We live in the age of nostalgia. From television reboots of Boy Meets World to long-awaited movie sequels like Hocus Pocus 2, the ’90s are all the rage these days. We can’t move forward without looking back. New and original IPs (e.g. I Saw the TV Glow, Video Vision, etc.) bank hard on that unshakable yearning to entice horror audiences to relive their cherished childhoods. You can count Brandon Espy’s Mr. Crocket as part of that trend, as it takes classic kids’ programs (namely Mr. Rogers’ Neighborhood) and reapplies the concept with startling imagery. Where the practical effects, from the gore to maniacal puppets, strike fear down to the bone, the narrative lacks enough drive to take it over the finish line. Instead, it sputters and leaves the audience wanting so much more.

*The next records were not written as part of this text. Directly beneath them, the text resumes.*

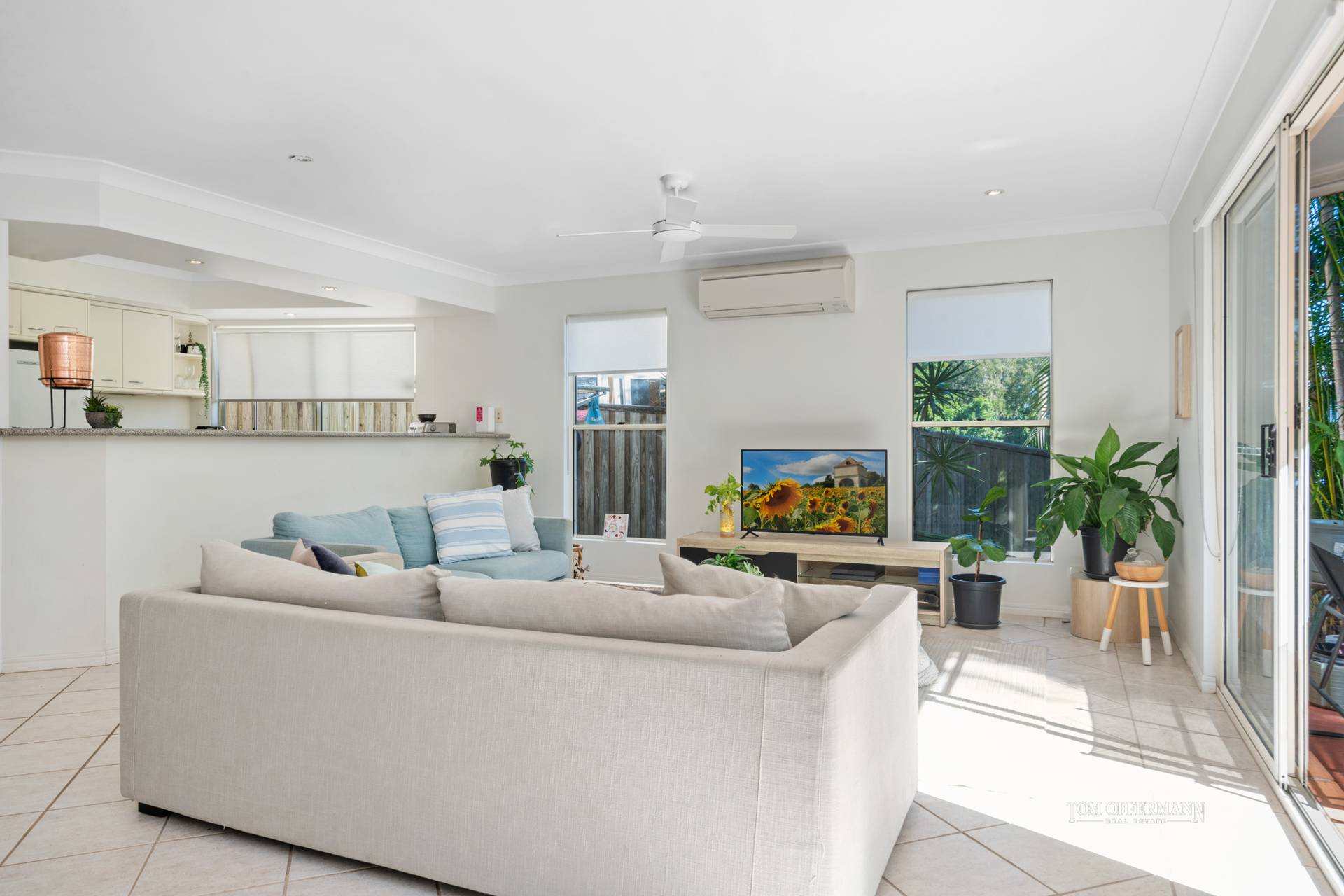 Fusing coastal style and a fresh creamy palette with casual flair, becomes obvious from the moment the door opens into the hallway. Natural light drenches the sandy-hued tiles which stretch the width of the townhome and flow into the generous open-plan living and dining area. Slide away the doors and note how they amplify the indoors-out effect, in a seamless transition to the terracotta-tiled terrace on the north-westerly side. You certainly get the feeling someone is about to pour a cool drink before a long lunch or a sublime sunset.
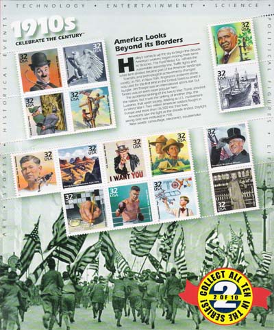SOGGETTI CHARLIE CHAPLIN FEDERAL RESERVE G.W.CARVER MOSTRA ARALDICA TELEFONIA APERTURA CANALE DI PANAMA JIM THORPE GRAND CANYON ENTRATA NELLA 1° GUERRA MONDIALE BOY SCOUTS PREMIO NOBEL A W. WILSON PRIMO CRUCIVERBA JACK DEMPSEY COSTRUZIONI PER BAMBINI LEGGE SUL LAVORO MINORILE |
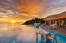 Le Sunset Pool Café est adjacent à la belle piscine à débordement. La carte propose un choix de spécialités d’Orient et d’Occident dans un joli cadre faisant face à l’océan.
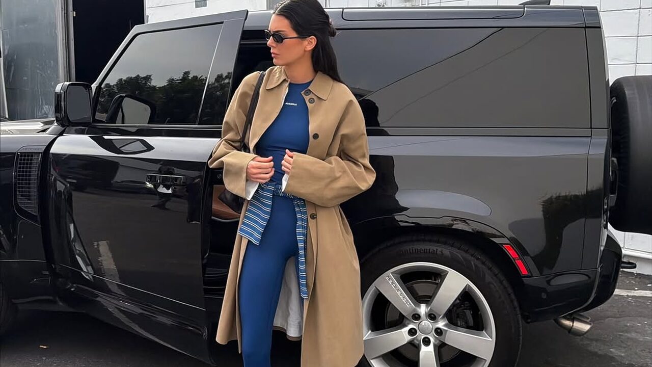 로열 블루 컬러의 아다놀라 톱과 레깅스에 심플한 트렌치 코트를 매치한 켄달 제너. 허리에는 스트라이프 패턴의 톱을 둘러 커버업 효과를 주면서도 포인트를 더했습니다. 긴 아우터에 발목까지 타이트하게 떨어지는 레깅스 조합이 자칫 답답해 보일 수 있지만, 발등이 드러나는 플랫 슈즈를 선택해 가볍게 풀어냈죠.

Based on a six-minute short of the same name, Mr. Crocket tells the tale of a dead TV personality who snatches kids through their television sets. Set in 1994, the film journeys through the minds of troubled kids who’ve been hurt by their parents. When Major (Ayden Gavin) is abducted through a glittering door of pink TV static, his mother Summer (Jerrika Hinton) plots a scheme to save her son in any way she can. After some totally essential microfiche investigation, she turns to a man named Anthony (Alex Akpobome), who survived a kidnapping back in the ’70s, and homeless woman Rhonda (Kristolyn Lloyd) for help. Together, they climb through to the other side in a vain attempt to rescue not only Major but a group of missing children.

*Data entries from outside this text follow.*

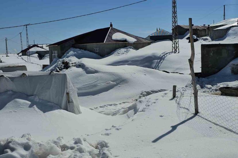 Bitlis’in Adilcevaz ilçesi Süphan Dağı eteğindeki Kışkılı Mahallesi, nisanda yer yer 3 metreyi bulan karla baharı bekliyor.
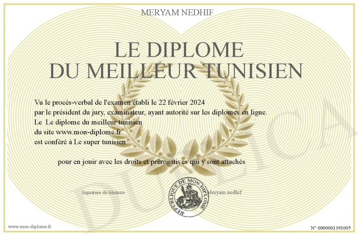 Envoyez par email votre Le diplôme du meilleur tunisien personalisé
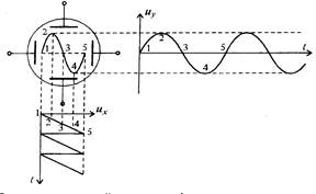 Принцип развертки поясняется рис.15.4. По оси x луч перемещается под действием пилообразного напряжения, т.е. циклически пропорционально времени. По оси y луч перемещается пропорционально мгновенному значению исследуемого сигнала.
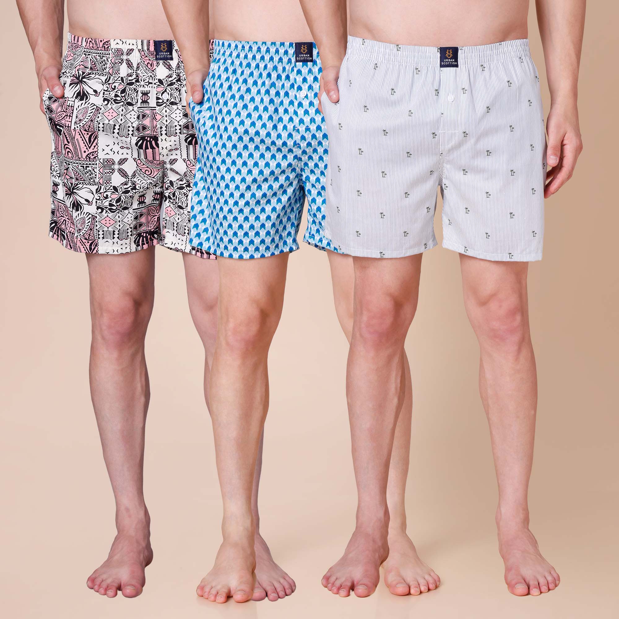 Men's Multicolor, 100% Cotton, printed, Regular Fit, Inner Elastic, Mid-Rise, Boxers- Pack of 3

Espy, who co-wrote the script with Carl Reid, taps into parents’ collective fears — of not being enough for their children, of failing them, and (most importantly) of losing them to some deranged grabber. In the context of the 1990s, almost the Wild West of parenting, missing children often saw their photos plastered on milk cartons or telephone poles. There was an immense sense of danger and dread that permeated much of middle America, especially when the likes of John Wayne Gayce and other serial killers roamed the streets. Espy excavated this reality to plant the audience directly into the terror that swept across the country back in those days. While positioned in another time and place, Espy’s story takes on a universal appeal that transcends those strict boundaries. That fear is universal and timeless. In the social media age, not much has changed; literal monsters are reaching through cellphone screens to ensnare kids and lure them away from their parents. That’s a kind of fear you just can’t squelch.

Throughout Mr. Crocket, Espy uses the charm of popular children’s television (Barney, PeeWee’s Playhouse, among others), often a replacement for actual parenting, to attract older viewers to relive their youth. Within the film’s brightly colored folds, audiences just might find that nostalgic release that hits all the sweet spots. And younger viewers might find themselves hypnotized by the knock-out gateway horror that doesn’t skimp on the carnage candy that guarantees midnight terrors. Elvis Nolasco, as the title character, kills the role, quite literally, with a chipper and completely unhinged portrayal of a psychopath whose bloodlust masks his intentions of saving children from their evil parents.

But where the film excels with bringing the deranged underworld to life, it lacks in creative drive and narrative punch. Mr. Crocket flounders by the third act, when there are no real stakes and characters are never really in any danger. The script may have worked better as a short film but lacks the depth and range to warrant a full-length feature. Even Nolasco’s manic and bedeviling performance can’t keep the ship from sinking. It’s disheartening to see such a brilliant idea unable to rev its engines beyond first gear.

Elvis Nolasco delivers one of the year’s best performances; too bad everything surrounding him lacks bite and purpose. Mr. Crocket ultimately gets lost in itself and tests the audience’s patience until it snaps. In the end, you’re only left with a series of unfortunate events.